Take solace in the fact that college will be better. High school is big now, but compared to later, it can be a minor footnote, if you let it.

No, I’m not bitter. Really. I’m not. Stop looking at me that way. K. I’m going over here now.

wundayatta's avatar

Boy, high school was definitely the worst!!!! I was lonelier than a martian lander. It got so depressing. I mean really, really depressing. Also, unfortunately, no matter what people say, looks are a key attraction. It’s built into us. However, you can be sure there are probably more boys who have the same problem you do.

You probably don’t notice them. You probably only see the attractive guys—the popular ones who are big in sports, too. They’re the ones that all the girls cluster around. They can afford to be jerks.

You may not notice the less attractive, less confident, shorter boys. They’re shy. Afraid to talk to you, because you might reject them (they are, after all, not very good looking). Maybe they have few friends. Even if they do have friends, they don’t treat the girls like status objects.

I know it is not popular, these days, as we seem to revert to a more regressive era, but go ahead. Make the first move. Talk to them. Persist. They may be so confused the first few times you talk to them, that they act like idiots. I know, it takes guts to approach. That’s the problem these boys have, too. I never had a date in high school. It was much too frightening for me.

While I was then and am now a loser as far as status is concerned, I’ve got many talents, and I’m not doing too badly. I even have a couple of beautiful kids who don’t look like they are mine if you look at how cute they are. Somehow, my kids took my mishapen visage, straightened it all out, and made it look good!

My point is that things can be ok after a while. Things are often get better in college, although that can seem so far away. After college, they slowly, slowly improve. Hang in there. Your time will come. You’ll even have the last laugh. Your brains will finally be appreciated when you enter the work world. The jocks, unless they do very very well on the field, often end up struggling through life. High school turned out to be their finest moment.

augustlan's avatar

Hugs to you…

njohnson's avatar

im not a jerk dont assume all guys are the same theres someone out there for u just wait! :)

loser's avatar

Testosterone

Comedian's avatar

@johnson: I’m not assuming that. But 98% of the guys at my school have convinced me that most of them are.
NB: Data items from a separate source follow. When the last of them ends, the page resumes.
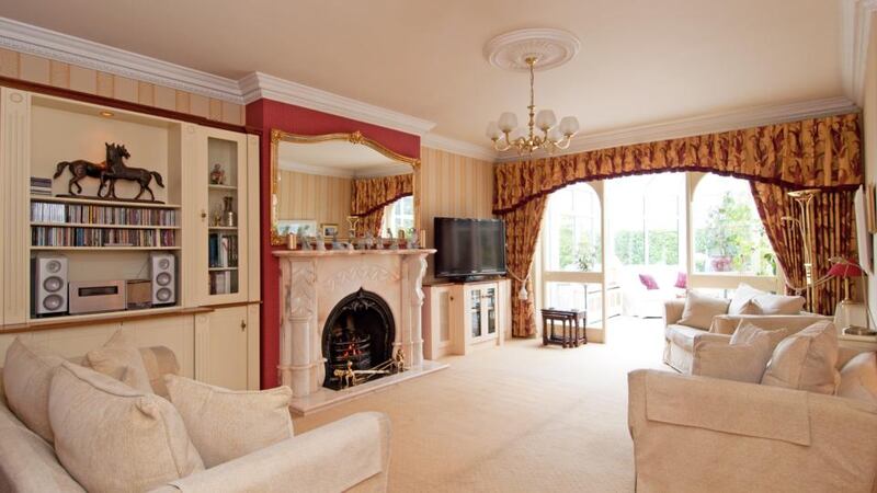 We’re sitting in the large sitting room of this five-bedroom- ed family home, after a tour of the house which has taken in the imposing double height hallway, with stained glass windows, and a marble fireplace fitted with an electric stove.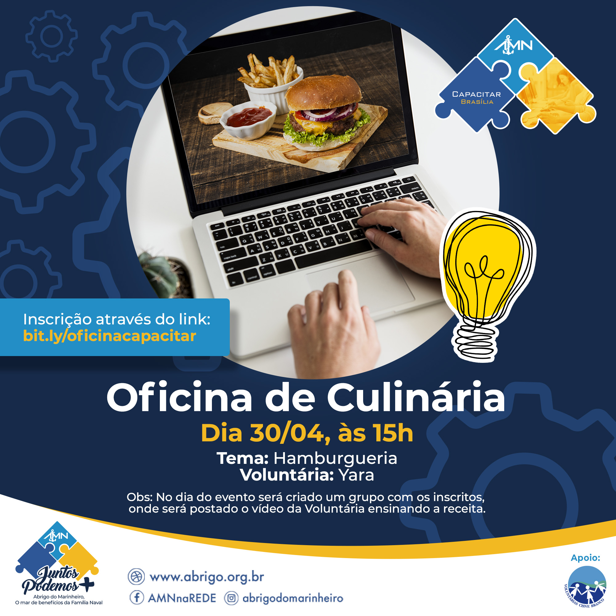 O Departamento Regional do Abrigo do Marinheiro em Brasília convida a Família Naval para participar da nossa primeira Oficina de culinária online (será compartilhado um video pelo whatsApp), no dia 30 de abril, às 15h. A Oficina de culinária será conduzida pela voluntária do Departamento VCB Yara, com tema “Hamburgueria.”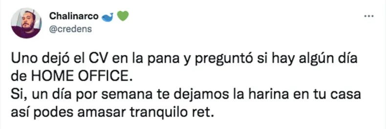 "Uno dejó el CV en la panadería y preguntó si hay algún día de home office", contó en su publicación sobre la pregunta.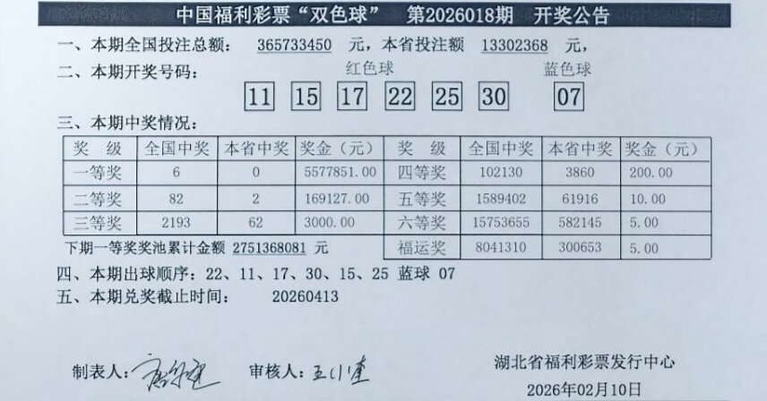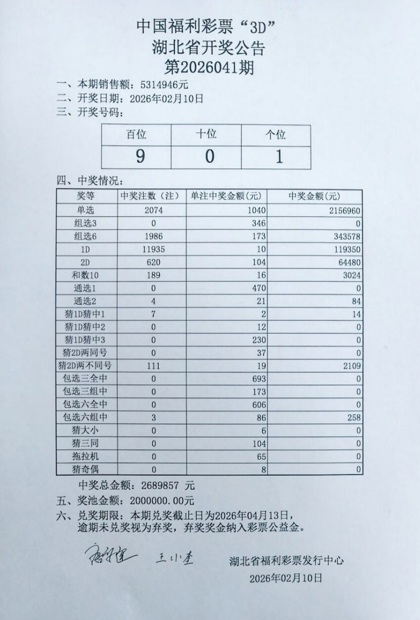 2026年2月10日 开奖公告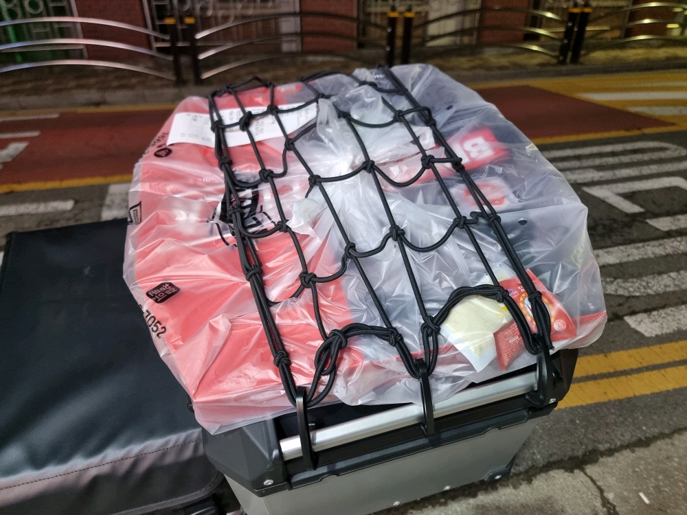 탑박스 가득 차서 더이상 안들어 갈 때 저렇게 탑박스 위에다 올리고 그물망 한번 씌워주면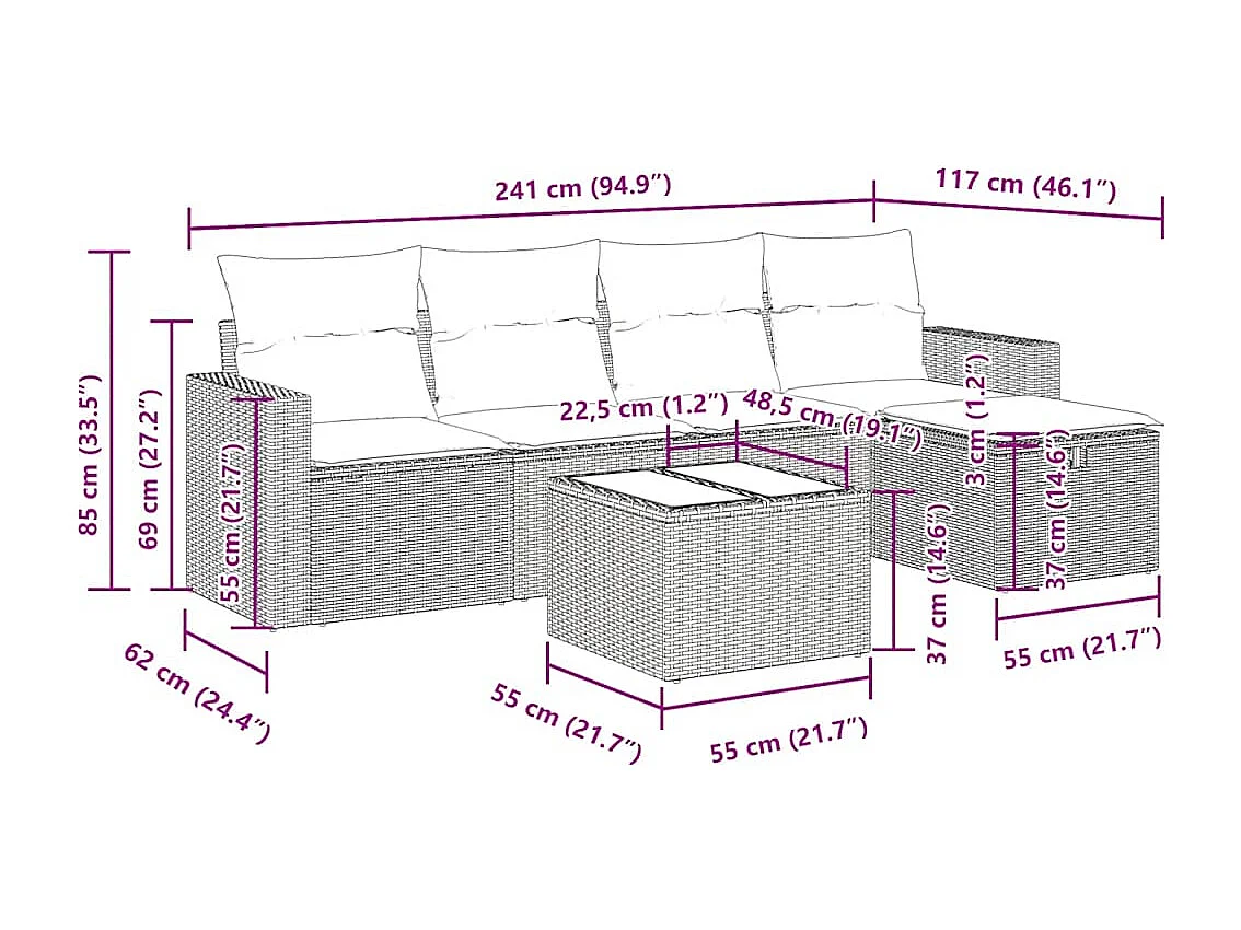 Salon complet de jardin Canapé 2 places et 2 fauteuils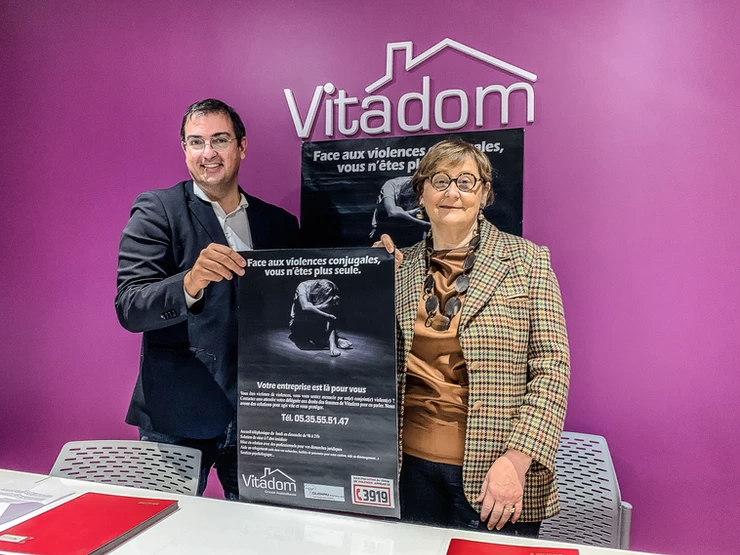 Outre les acteurs institutionnels, les entreprises ont aussi leur rôle à jouer dans ce combat de tous les jours. Pour Nicolas Baret, fondateur de Vitadom, entreprise de services à la personne, impossible de rester les bras croisés. « C’est un chiffre qui m’a terrifié et poussé à avoir le déclic. Tous les trois jours en France, une femme meurt sous les coups de son conjoint… Notre entreprise vise à aider un public vulnérable, des jeunes enfants aux personnes âgées en passant par les handicapés. Œuvrer pour les plus fragiles ne doit pas s’arrêter à nos bénéficiaires ! 90% de nos collaborateurs sont des femmes. Nous ne pouvons pas rester là sans rien faire », lance-t-il. Une cellule d’écoute, de prévention et mier, directrice générale de tions de travail et droit des tionnels, les entreprises d’action a donc été mise en Ciliopée Initiatives. Tous les femmes a dont été créée au ont aussi leur rôle à jouer dans ce combat de tous les jours. Pour Nicolas Baret, fondateur de Vitadom, entreprise de services à la personne, impossible de rester les bras croisés. « C’est un chiffre qui m’a terrifié et poussé à avoir le déclic. Tous les trois jours en France, une femme meurt sous les coups de son conjoint… Notre entreprise vise à aider un public vulnérable, des jeunes enfants aux personnes âgées en passant par les handicapés. Œuvrer pour les plus fragiles ne doit pas s’arrêter à nos bénéficiaires ! 90% de nos collaborateurs sont des femmes. Nous ne pouvons pas rester là sans rien faire », lance-t-il. Une cellule place, résultat d’un investissement acharné de toute l’entreprise, et d’un partenariat avec l’association Ciliohpaj (groupe Ciliopée), proposant des hébergements ou logements accompagnés, et le réseau d’entrepreneurs Medef 47. Un numéro interne à Vitadom a été mis en place de 9h à 21h du lundi au dimanche. En dehors de ces horaires, une astreinte générale alerte l’association Ciliohpaj pour une mise à l’abri d’urgence ou un accompagnement juridique par exemple. « Cela fait 21 ans que nous existons, nous avons donc le réseau nécessaire pour trouver une solution dans les plus brefs délais », ajoute Muriel Boulmier, directrice générale de Ciliopée Initiatives. Tous les salariés ont été informés de sa mise en place, grâce à une carte remise à chacun et un affichage dans les salles de pause.

See this is why I like older men. This is why I like Tim Curry, Keith Allen, Sean Connery, Jonathan Crombie, or Dale Hensley. I like them because in my book they have all matured. Now I can’t say that for sure, since I haven’t met them. Well I’ve met Jon and Dale and they are AMAZINGLY nice. But all the guys my age or around it are jerks to me. So I resort to older men.

loser's avatar

I agree, older men rock!

ihbh's avatar

i know what you are talking about. its like as soon as one guy stops liking you they all turn on you. i feel ignored everyday. at my old school i only had guys friends, we hung out all the time and the girls hated me from drama in the past. now at my new school its just impossible to find a good guy friend. its tough. i wish i could write advice, but reading your question, i badly had to respond because we are in the same awful situation. homecoming is so lame, im in high school and i can already see myself looking back later and wondering why i even gave a shit. good luck!

Comedian's avatar

Thanks and welcome

I just ended up asking a guy from my church. He is really nice to me (I guess there is one good guy out there(and toooootally hot)) too.